[Dataset records]

----

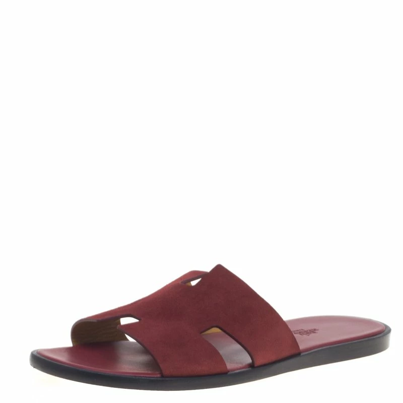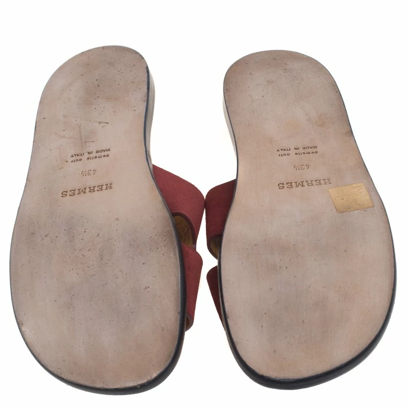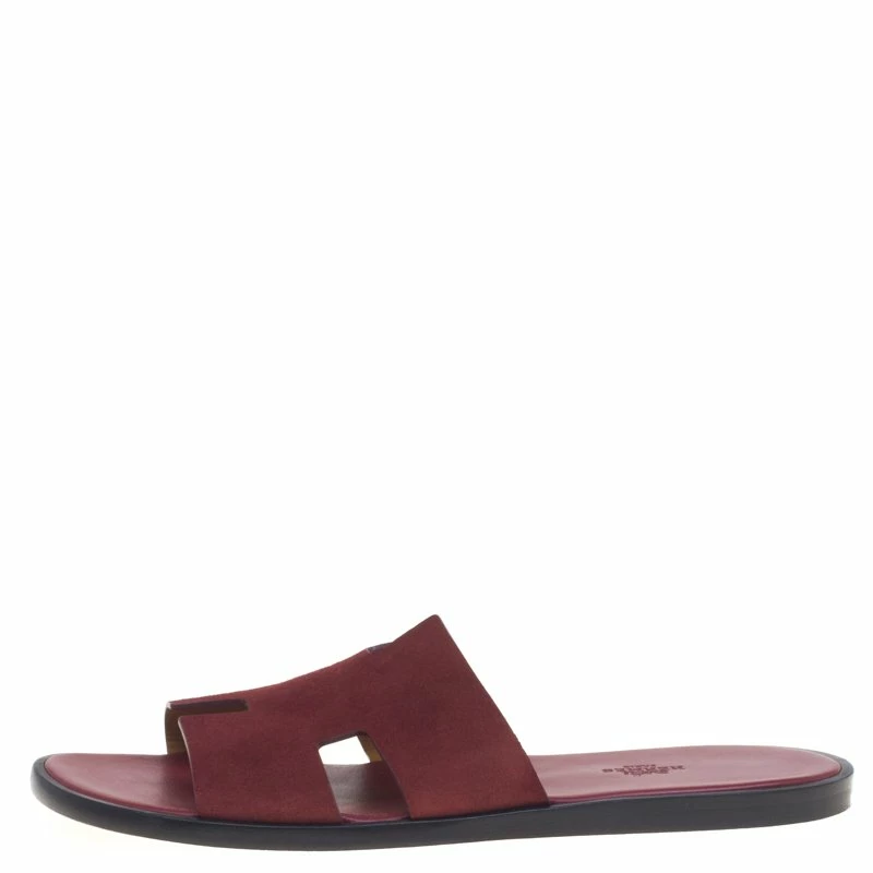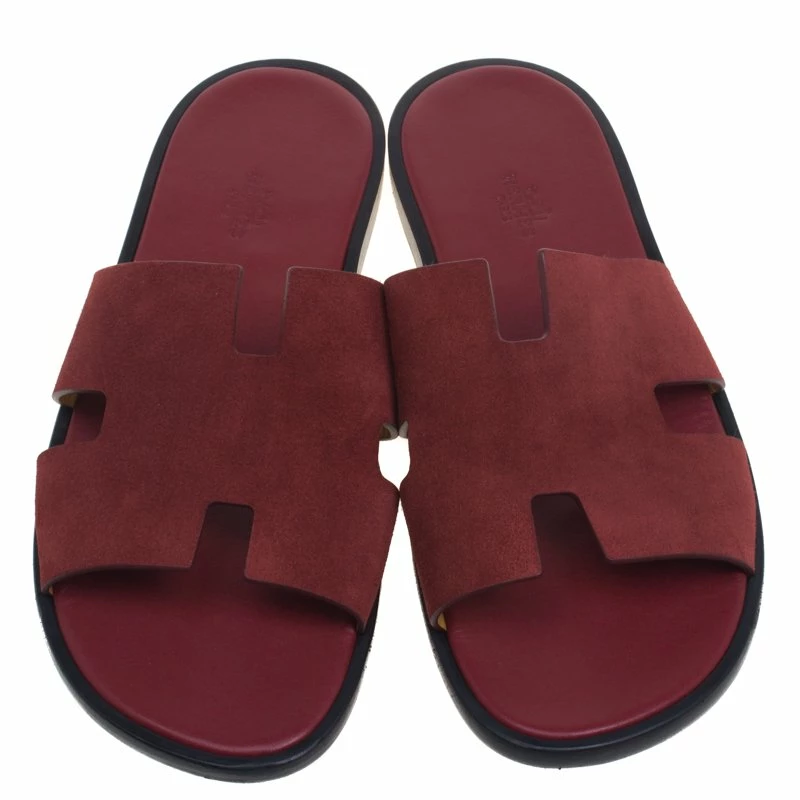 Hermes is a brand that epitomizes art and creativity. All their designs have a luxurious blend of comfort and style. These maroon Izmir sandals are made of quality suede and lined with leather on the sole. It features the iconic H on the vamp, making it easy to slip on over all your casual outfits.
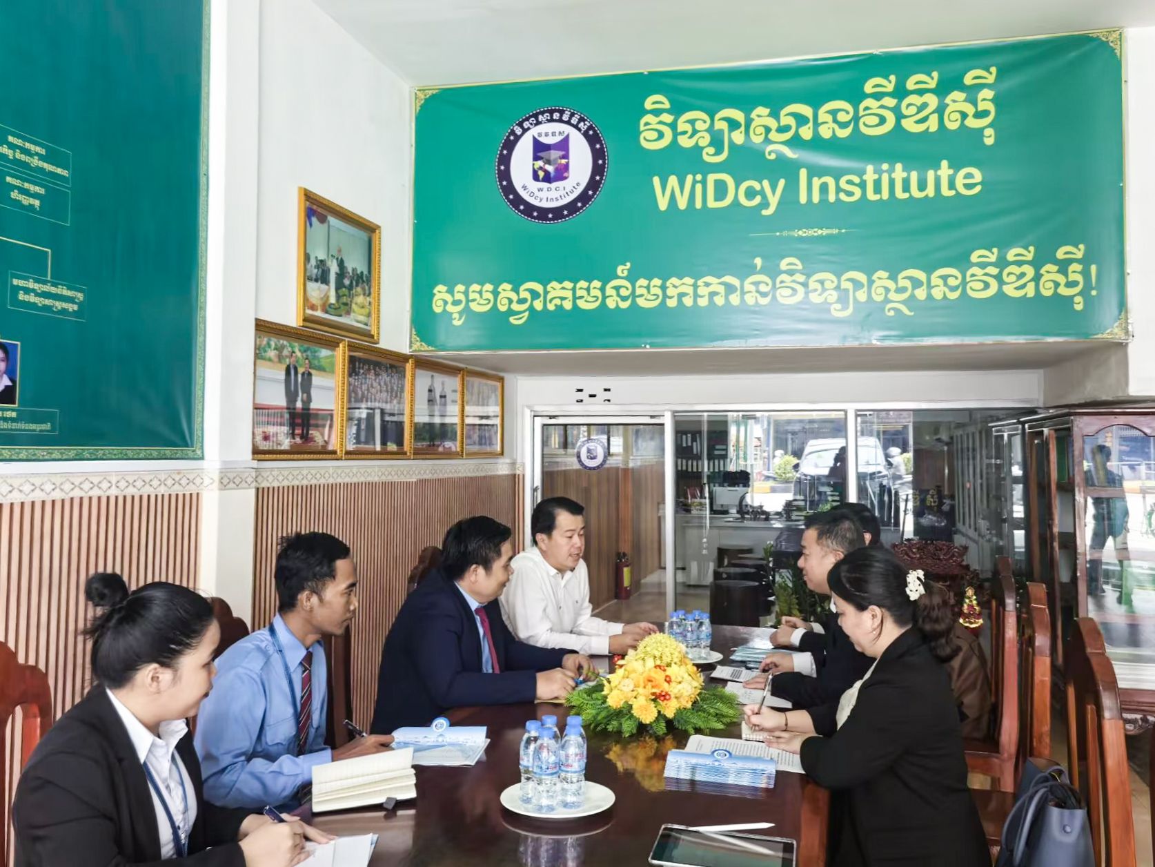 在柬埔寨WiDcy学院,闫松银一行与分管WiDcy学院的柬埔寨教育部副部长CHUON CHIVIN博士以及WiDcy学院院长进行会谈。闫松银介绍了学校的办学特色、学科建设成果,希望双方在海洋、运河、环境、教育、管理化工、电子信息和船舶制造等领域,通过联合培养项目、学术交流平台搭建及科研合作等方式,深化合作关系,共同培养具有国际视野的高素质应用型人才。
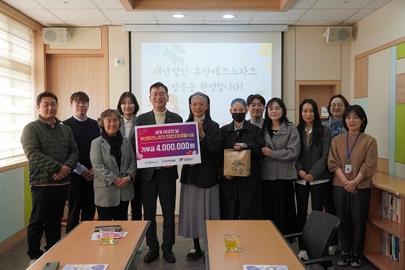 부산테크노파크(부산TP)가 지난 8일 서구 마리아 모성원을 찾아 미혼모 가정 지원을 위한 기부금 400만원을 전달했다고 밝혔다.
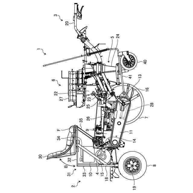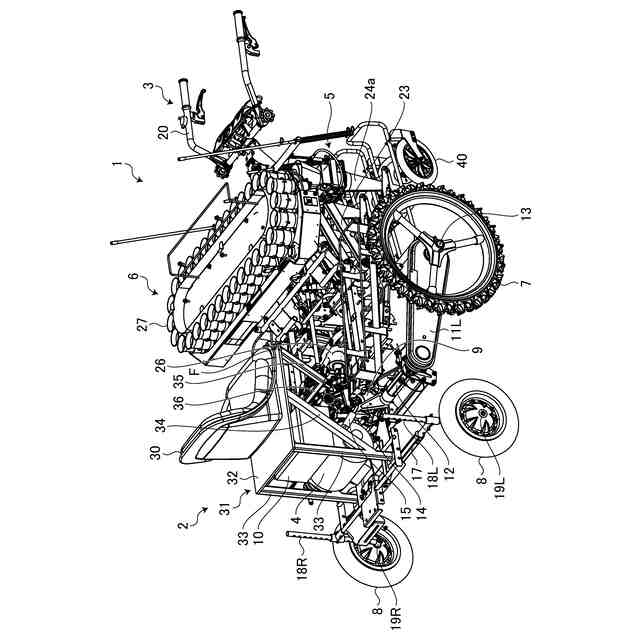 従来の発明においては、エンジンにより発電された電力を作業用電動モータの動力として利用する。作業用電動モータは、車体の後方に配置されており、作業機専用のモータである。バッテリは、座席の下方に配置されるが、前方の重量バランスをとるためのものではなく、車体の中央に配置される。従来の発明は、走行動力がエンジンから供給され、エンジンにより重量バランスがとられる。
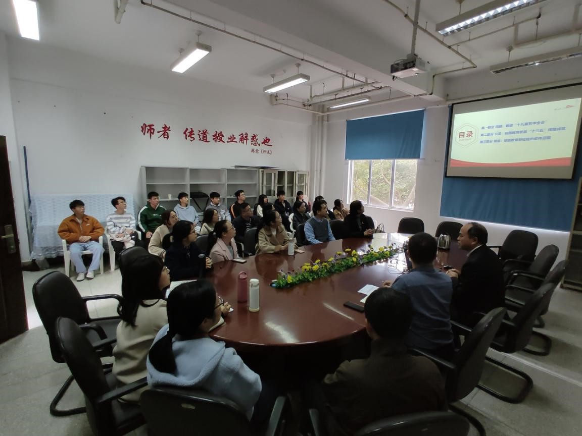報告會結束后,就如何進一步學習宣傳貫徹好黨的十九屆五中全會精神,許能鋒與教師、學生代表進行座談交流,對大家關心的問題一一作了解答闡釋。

----

→ **Work task**
The answer should be the records above, unchanged, with the pictures omitted.

→ **Exercise response**
 Hermes is a brand that epitomizes art and creativity. All their designs have a luxurious blend of comfort and style. These maroon Izmir sandals are made of quality suede and lined with leather on the sole. It features the iconic H on the vamp, making it easy to slip on over all your casual outfits.
 在柬埔寨WiDcy学院,闫松银一行与分管WiDcy学院的柬埔寨教育部副部长CHUON CHIVIN博士以及WiDcy学院院长进行会谈。闫松银介绍了学校的办学特色、学科建设成果,希望双方在海洋、运河、环境、教育、管理化工、电子信息和船舶制造等领域,通过联合培养项目、学术交流平台搭建及科研合作等方式,深化合作关系,共同培养具有国际视野的高素质应用型人才。
 부산테크노파크(부산TP)가 지난 8일 서구 마리아 모성원을 찾아 미혼모 가정 지원을 위한 기부금 400만원을 전달했다고 밝혔다.
 従来の発明においては、エンジンにより発電された電力を作業用電動モータの動力として利用する。作業用電動モータは、車体の後方に配置されており、作業機専用のモータである。バッテリは、座席の下方に配置されるが、前方の重量バランスをとるためのものではなく、車体の中央に配置される。従来の発明は、走行動力がエンジンから供給され、エンジンにより重量バランスがとられる。
報告會結束后,就如何進一步學習宣傳貫徹好黨的十九屆五中全會精神,許能鋒與教師、學生代表進行座談交流,對大家關心的問題一一作了解答闡釋。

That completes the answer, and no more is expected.